Can Your Employee Sue You? New Decision from 5th Court of Appeals Continues the Confusion as to Who Is a Jones Act Seaman


The U.S. Fifth Circuit Court of Appeals decided a case of great importance to companies unsure of whether their workers may be Jones Act seamen, entitled to a jury trial against their employer for injuries sustained on the job, or shore-based workers covered by state workers' compensation regimes, or those hybrid waterfront workers covered by the federal Longshore and Harbor Workers Compensation Act (the “Longshore Act”).
In the case of Grab v. Boh Brothers Constr. Co., No. 11-30606 (5th Cir., Jan. 4, 2013), the court considered the status of two iron workers severely injured during the reconstruction of the I-10 bridge over Lake Pontchartrain in Louisiana and held that they were “seaman” entitled to the protections of the Jones Act, 46 U.S.C. § 30104.

The case is notable because both plaintiffs were land-based iron workers, responsible for erecting steel girders on the bridge. They traveled to and from the job site by crewboat and returned home each night. They were injured one evening when their crewboat allided with a survey tower erected on the lake to assist in the bridge work.

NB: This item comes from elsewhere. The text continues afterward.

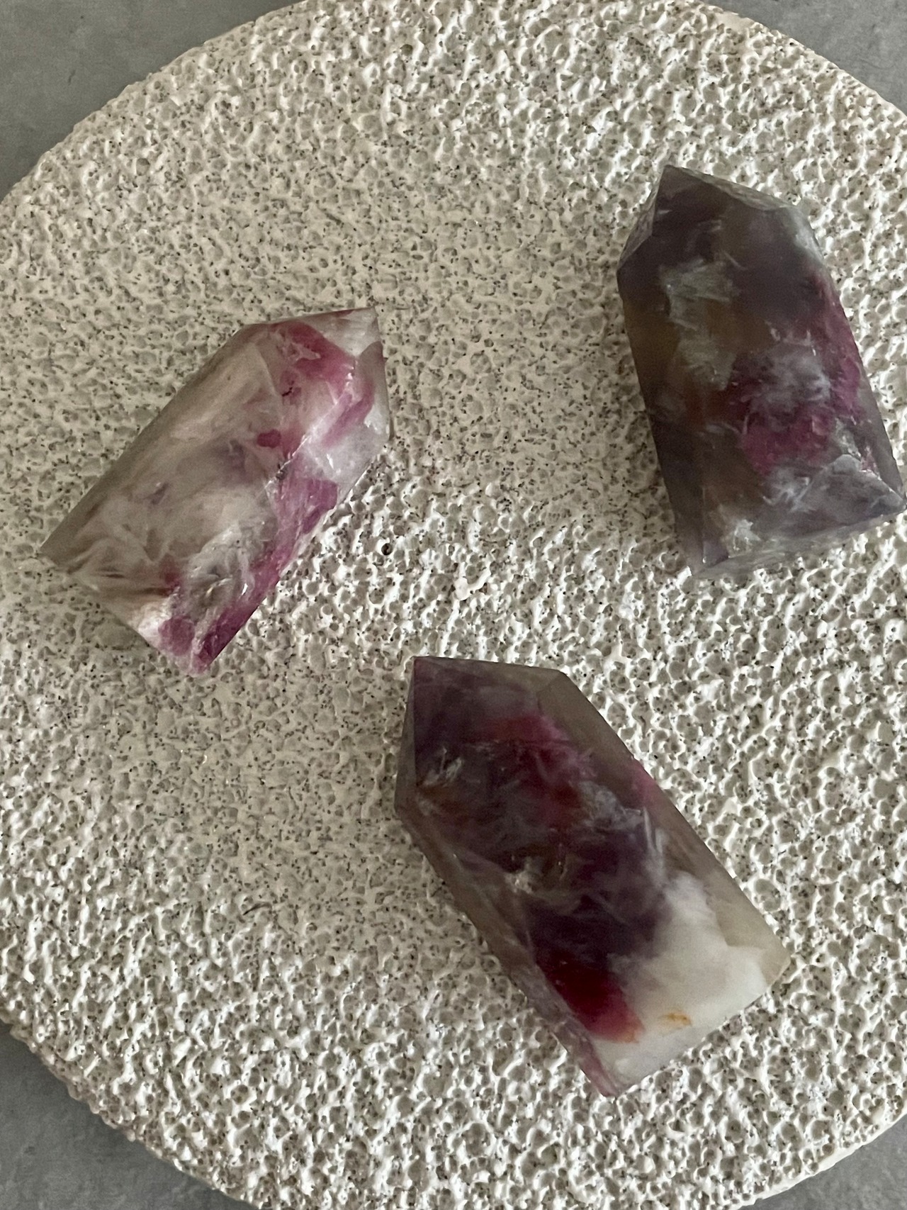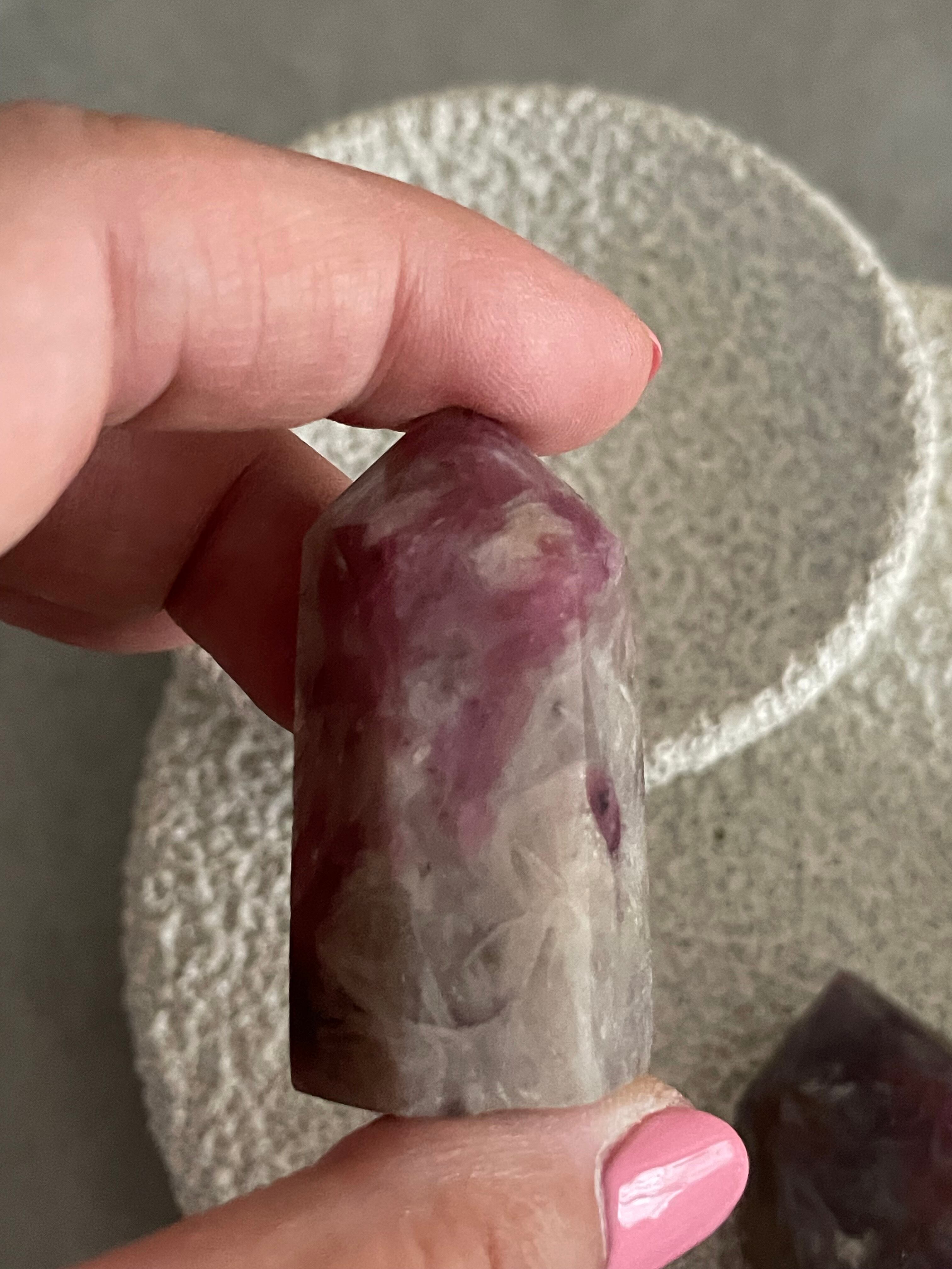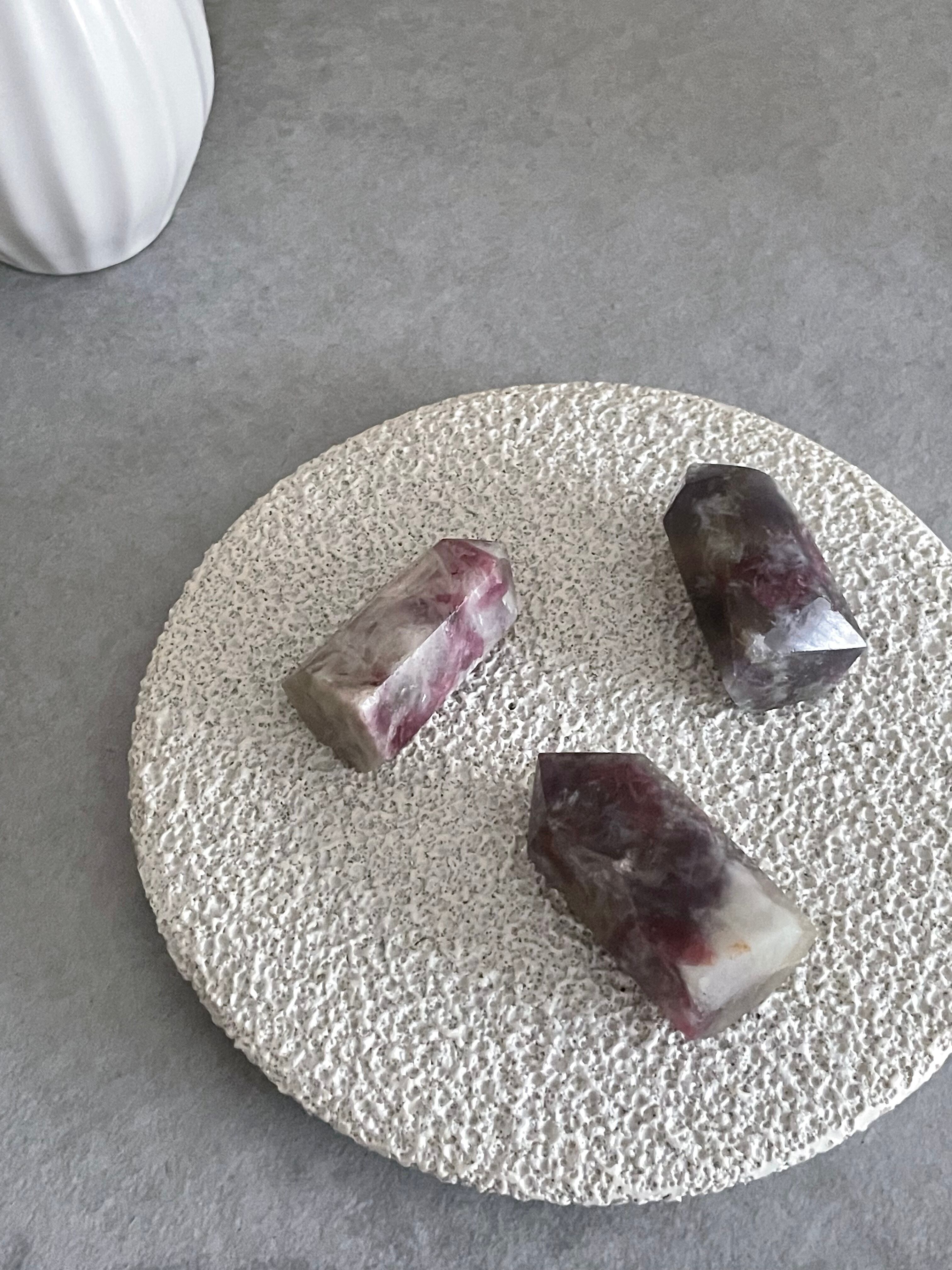 ユニコーンクリスタルは、マダガスカル産のレピドライト、クリーブランダイト、ピンクトルマリン、スモーキークォーツ、長石のブレンドです。

In affirming the courts below (two cases were consolidated from district court decisions), the Fifth Circuit found that the plaintiffs performed their work from the deck of a crane barge, the BIG MAC, as the crane lifted girders up to the bridge. The court further found that the plaintiffs assisted in the “navigation” of the barge, such as it was, as the barge shifted locations beneath the bridge with the assistance of the tugboat.

In reaching its decision, the court cited the U.S. Supreme Court decision of Chandris, Inc. v. Latsis, 515 U.S. 347 (1995), which held that, to be defined as a “seaman,” the worker must contribute to the functioning of the vessel, and second, the worker’s connection to the vessel must be “substantial in terms of both its duration and nature.” The Fifth Circuit held that the BIG MAC was a vessel in navigation, and that the plaintiffs assisted with its mission, i.e., the reconstruction of the bridge. Further, the court held that the plaintiffs' tenure aboard the BIG MAC was contemplated to be substantial in its duration because they were scheduled to work aboard the barge for the duration of the job.

It should be noted that this holding is consistent with other Fifth Circuit decisions but is completely at odds with the cases out of the U.S. Ninth Circuit Court of Appeals which persuasively distinguish these workers from “seamen” entitled to the protections of the Jones Act. See, e.g., Cabral v. Healy Tibbits Builders, 128 F.3d 1289, 1293 (9th Cir. 1997); Gipson v. Kajima Eng'g & Constr., Inc., 1999 U.S. App. LEXIS 5378 (9th Cir. 1999); Heise v. Fishing Co. of Alaska, Inc., 79 F.3d 903 (9th Cir. 1996). The Fourth Circuit Court of Appeals, which embraces the coastal states from Maryland to South Carolina, is without an opinion on point. Accordingly, depending on where the job is, the barge-based construction worker might a “seaman” with a lawsuit or he might be construction worker with none.